═════ Records for this task

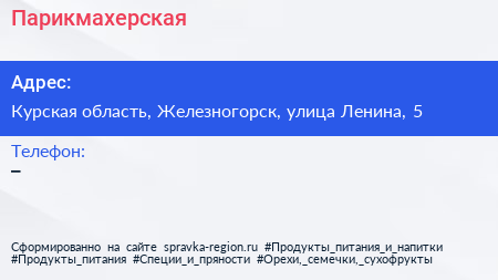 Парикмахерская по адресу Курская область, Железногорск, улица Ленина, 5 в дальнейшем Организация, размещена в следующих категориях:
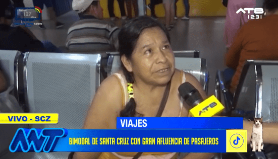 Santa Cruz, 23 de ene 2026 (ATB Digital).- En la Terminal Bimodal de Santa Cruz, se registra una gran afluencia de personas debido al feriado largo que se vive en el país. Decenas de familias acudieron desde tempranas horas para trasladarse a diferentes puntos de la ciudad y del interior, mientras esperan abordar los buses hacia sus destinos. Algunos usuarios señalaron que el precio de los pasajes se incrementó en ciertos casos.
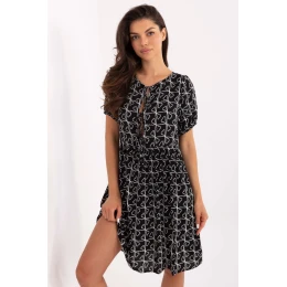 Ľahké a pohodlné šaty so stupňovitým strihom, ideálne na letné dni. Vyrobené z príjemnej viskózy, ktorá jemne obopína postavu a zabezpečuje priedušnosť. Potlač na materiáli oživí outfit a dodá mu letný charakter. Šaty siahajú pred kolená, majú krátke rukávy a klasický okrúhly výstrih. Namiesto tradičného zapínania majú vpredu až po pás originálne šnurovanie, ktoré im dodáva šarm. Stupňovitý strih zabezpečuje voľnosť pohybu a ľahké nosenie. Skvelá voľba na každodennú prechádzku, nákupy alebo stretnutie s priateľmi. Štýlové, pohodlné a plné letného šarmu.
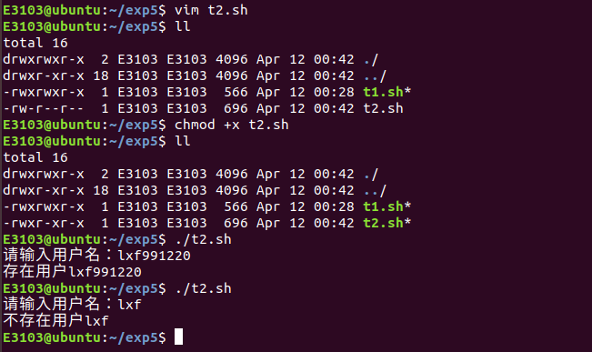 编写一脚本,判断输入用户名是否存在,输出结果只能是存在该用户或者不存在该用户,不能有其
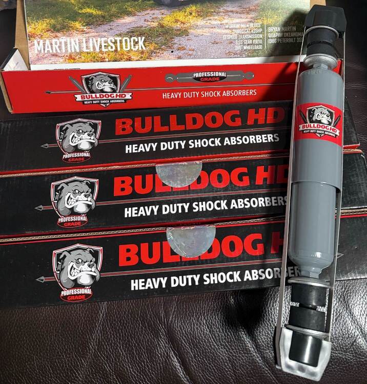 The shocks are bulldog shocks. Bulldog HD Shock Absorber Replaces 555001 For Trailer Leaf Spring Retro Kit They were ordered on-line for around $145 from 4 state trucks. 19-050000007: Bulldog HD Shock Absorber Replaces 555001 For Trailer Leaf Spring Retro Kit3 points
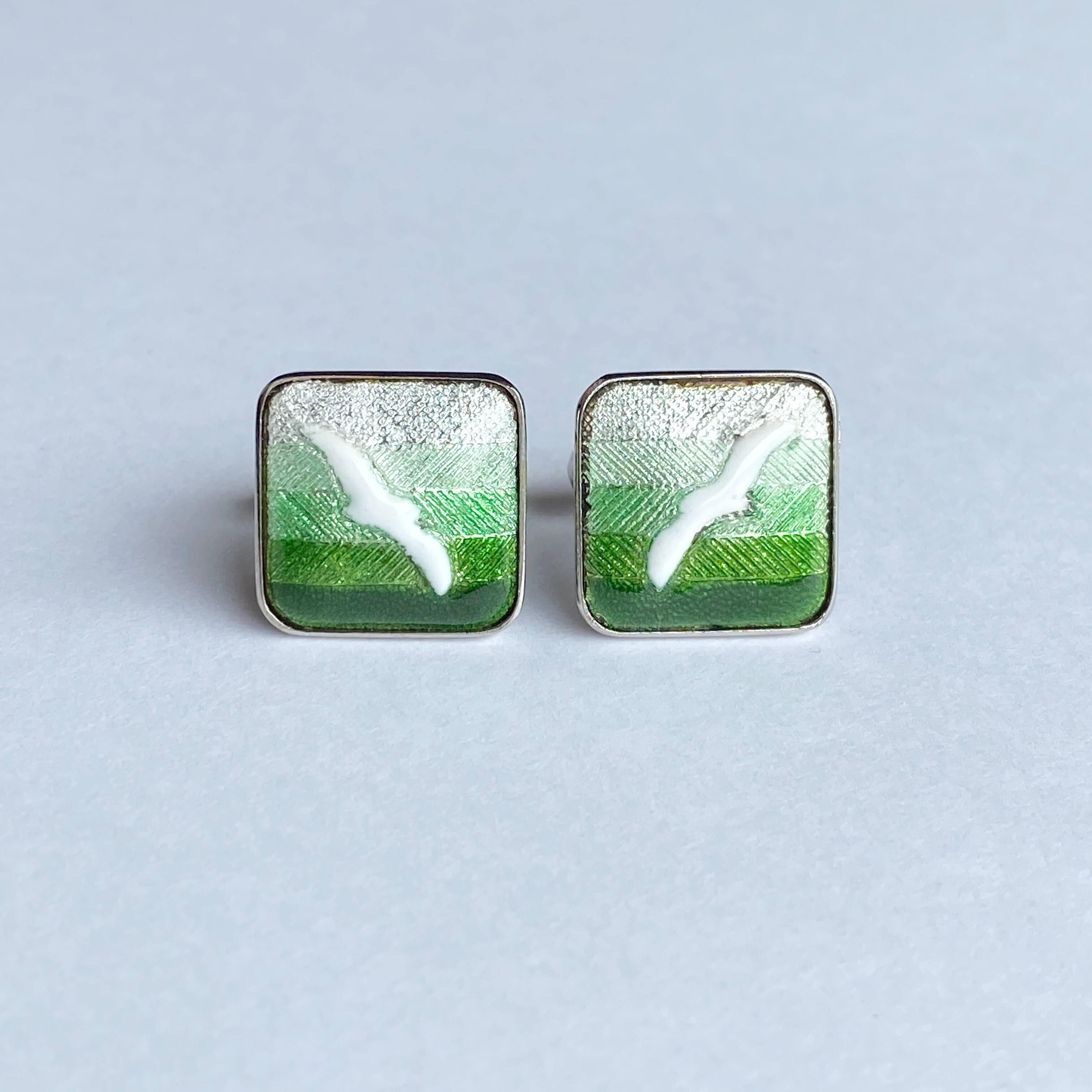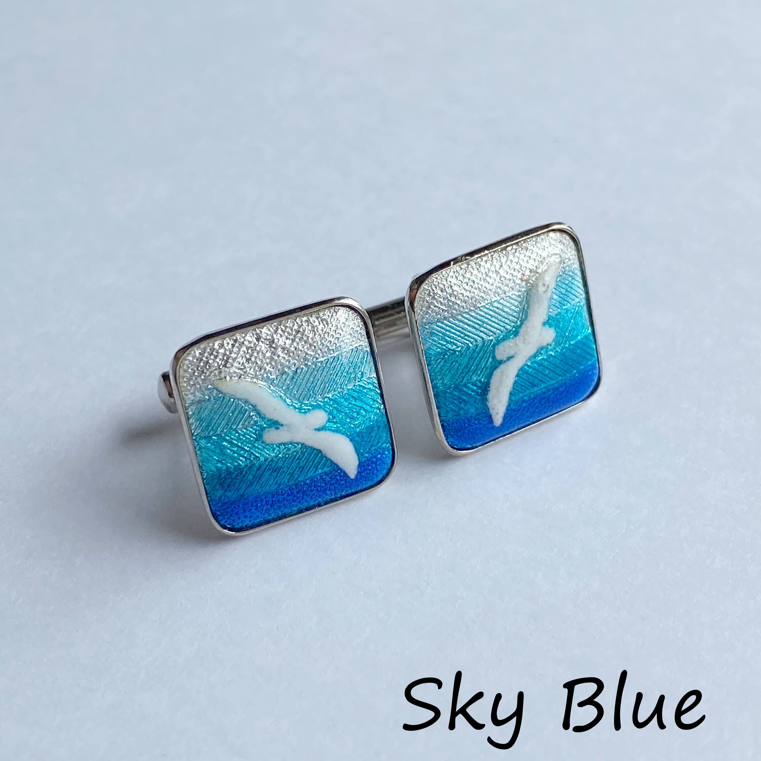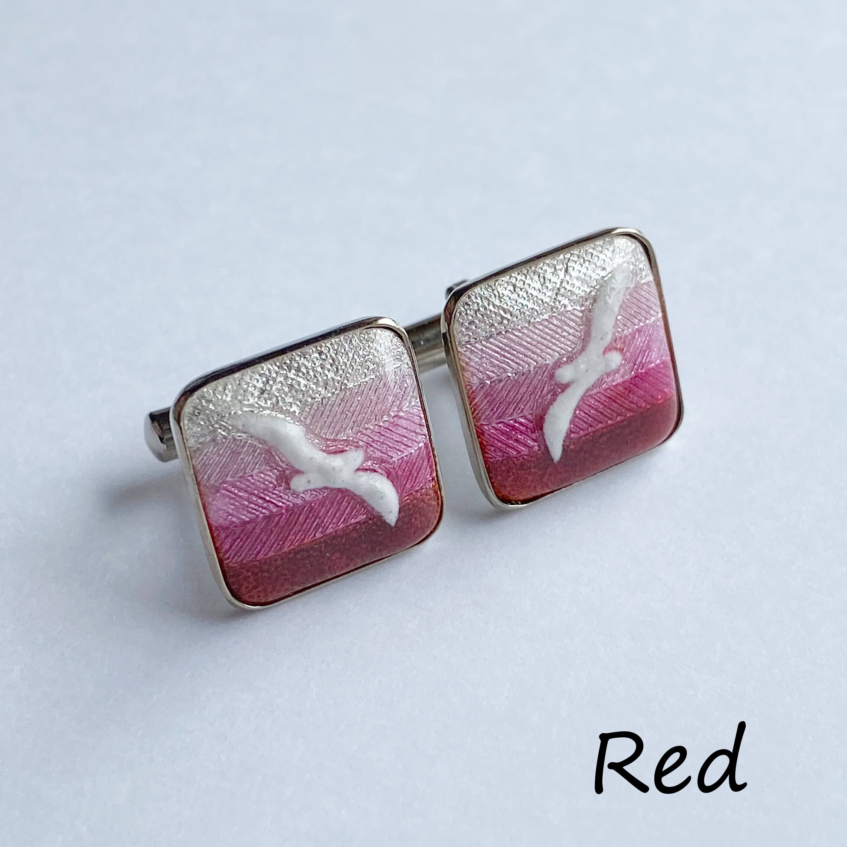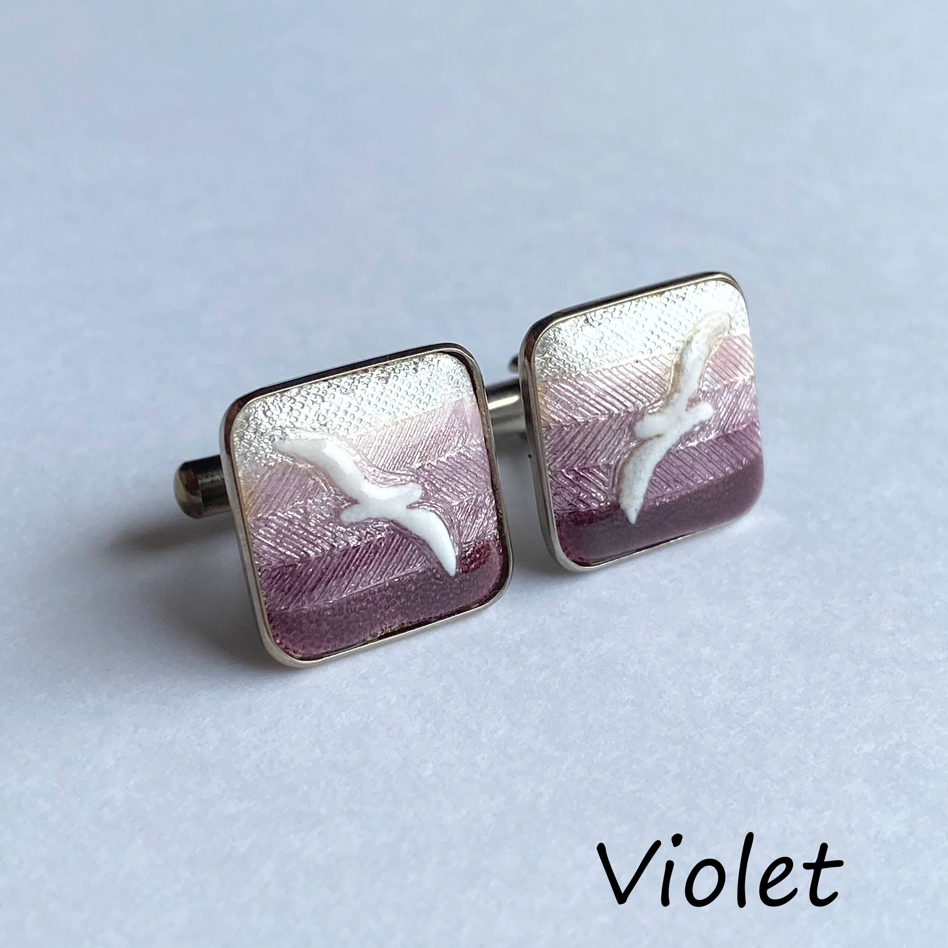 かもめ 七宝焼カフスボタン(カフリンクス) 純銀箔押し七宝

══════════
═════ Records for this task

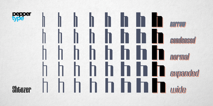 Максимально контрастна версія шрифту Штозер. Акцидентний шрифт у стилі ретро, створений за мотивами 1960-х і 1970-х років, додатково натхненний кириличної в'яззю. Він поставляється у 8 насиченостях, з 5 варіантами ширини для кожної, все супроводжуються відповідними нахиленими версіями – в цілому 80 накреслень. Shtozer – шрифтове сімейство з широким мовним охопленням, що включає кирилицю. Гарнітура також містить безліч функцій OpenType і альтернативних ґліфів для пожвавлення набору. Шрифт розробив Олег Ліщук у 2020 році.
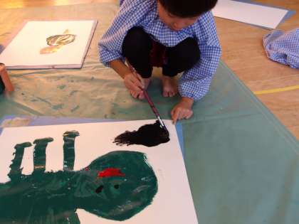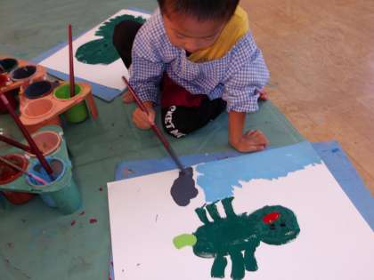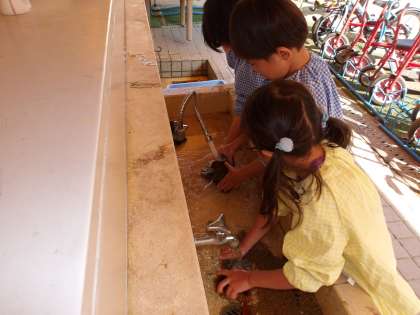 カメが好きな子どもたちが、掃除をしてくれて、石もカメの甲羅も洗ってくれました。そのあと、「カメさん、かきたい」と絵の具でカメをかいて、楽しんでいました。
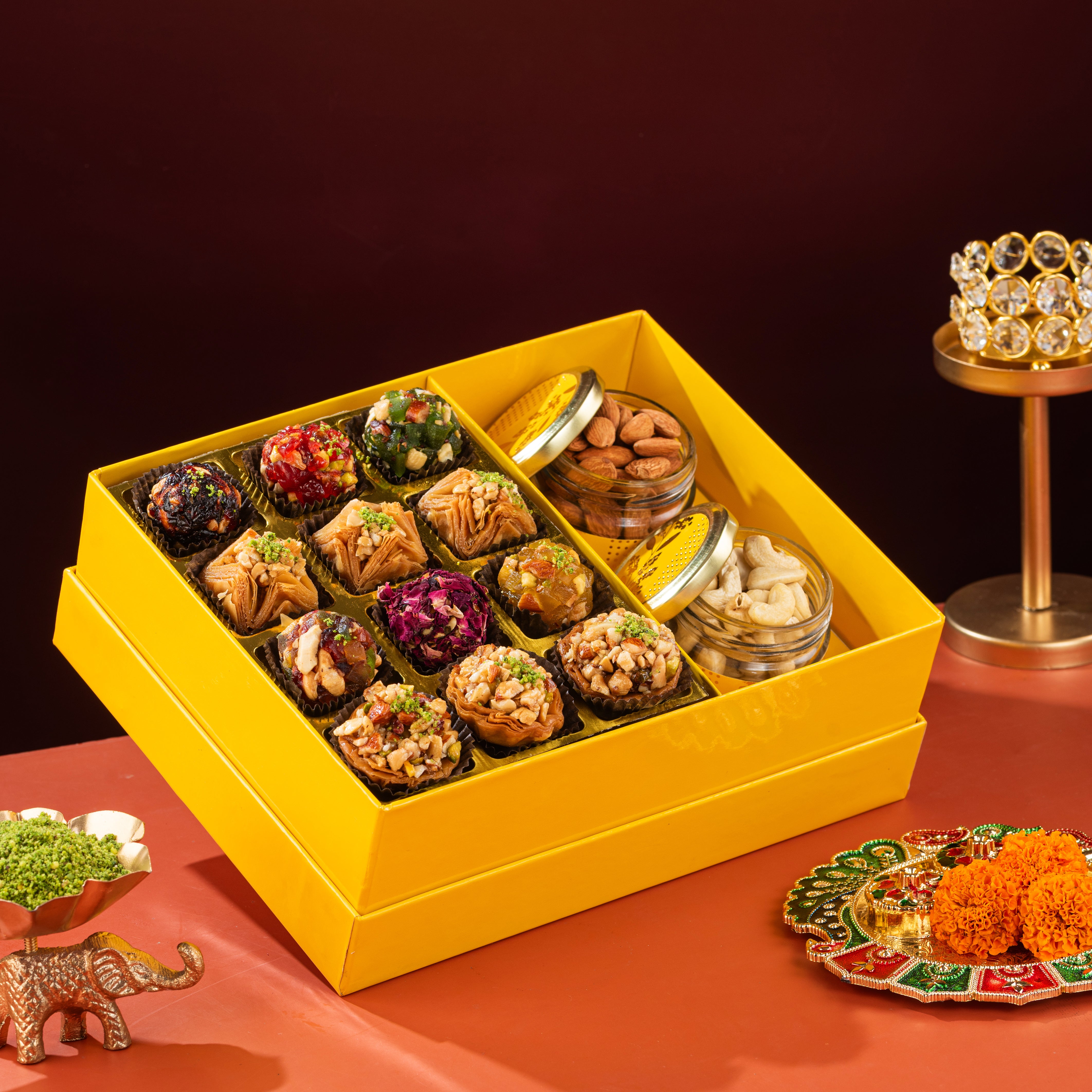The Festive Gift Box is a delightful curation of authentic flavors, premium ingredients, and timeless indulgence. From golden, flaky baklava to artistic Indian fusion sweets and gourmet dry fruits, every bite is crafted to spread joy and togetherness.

══════════

• [Work to complete]:
Output only the lines above from the one containing "Ľahké a pohodlné" to the one containing "かもめ 七宝焼カフスボタン(カフリンクス) 純銀箔押し七宝", both included, exactly as written and with no pictures.

• [Result]:
 Ľahké a pohodlné šaty so stupňovitým strihom, ideálne na letné dni. Vyrobené z príjemnej viskózy, ktorá jemne obopína postavu a zabezpečuje priedušnosť. Potlač na materiáli oživí outfit a dodá mu letný charakter. Šaty siahajú pred kolená, majú krátke rukávy a klasický okrúhly výstrih. Namiesto tradičného zapínania majú vpredu až po pás originálne šnurovanie, ktoré im dodáva šarm. Stupňovitý strih zabezpečuje voľnosť pohybu a ľahké nosenie. Skvelá voľba na každodennú prechádzku, nákupy alebo stretnutie s priateľmi. Štýlové, pohodlné a plné letného šarmu.
 编写一脚本,判断输入用户名是否存在,输出结果只能是存在该用户或者不存在该用户,不能有其
 The shocks are bulldog shocks. Bulldog HD Shock Absorber Replaces 555001 For Trailer Leaf Spring Retro Kit They were ordered on-line for around $145 from 4 state trucks. 19-050000007: Bulldog HD Shock Absorber Replaces 555001 For Trailer Leaf Spring Retro Kit3 points
 かもめ 七宝焼カフスボタン(カフリンクス) 純銀箔押し七宝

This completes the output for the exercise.